Instructions for the task:
Return, word for word, the lines of the listing below from the one with "진 구청장은 이날 오후" through the one with "This is not", and no other lines.

Supplied data:

+++

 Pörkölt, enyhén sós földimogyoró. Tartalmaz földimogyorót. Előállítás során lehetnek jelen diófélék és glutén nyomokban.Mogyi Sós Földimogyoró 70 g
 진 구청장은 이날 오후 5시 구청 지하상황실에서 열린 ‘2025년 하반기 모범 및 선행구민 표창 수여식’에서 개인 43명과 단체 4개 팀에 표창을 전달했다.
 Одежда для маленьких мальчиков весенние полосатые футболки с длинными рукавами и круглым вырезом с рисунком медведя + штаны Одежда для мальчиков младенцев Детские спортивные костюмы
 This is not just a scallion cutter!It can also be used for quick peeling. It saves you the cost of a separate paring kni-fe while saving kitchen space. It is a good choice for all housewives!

+++

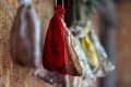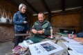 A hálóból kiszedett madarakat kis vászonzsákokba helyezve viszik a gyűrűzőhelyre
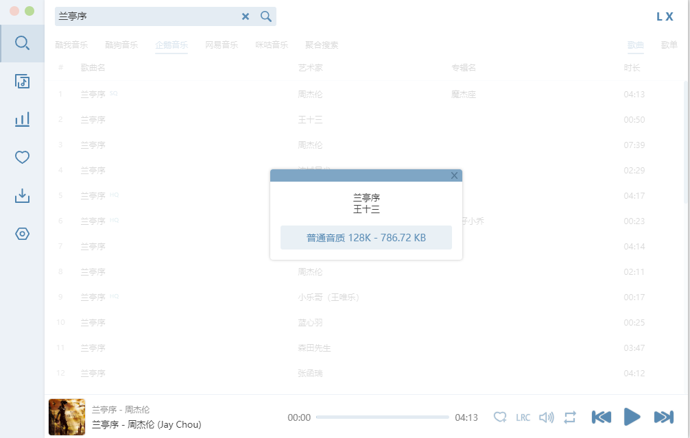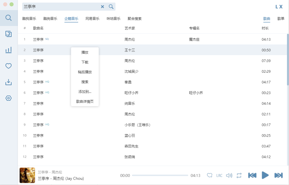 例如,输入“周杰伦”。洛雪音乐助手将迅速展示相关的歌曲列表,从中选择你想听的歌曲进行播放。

+++

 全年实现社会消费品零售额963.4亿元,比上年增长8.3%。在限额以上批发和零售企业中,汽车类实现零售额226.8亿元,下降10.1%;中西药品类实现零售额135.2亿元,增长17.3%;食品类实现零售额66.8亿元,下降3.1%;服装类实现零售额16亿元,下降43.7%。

+++

Response area:
 진 구청장은 이날 오후 5시 구청 지하상황실에서 열린 ‘2025년 하반기 모범 및 선행구민 표창 수여식’에서 개인 43명과 단체 4개 팀에 표창을 전달했다.
 Одежда для маленьких мальчиков весенние полосатые футболки с длинными рукавами и круглым вырезом с рисунком медведя + штаны Одежда для мальчиков младенцев Детские спортивные костюмы
 This is not just a scallion cutter!It can also be used for quick peeling. It saves you the cost of a separate paring kni-fe while saving kitchen space. It is a good choice for all housewives!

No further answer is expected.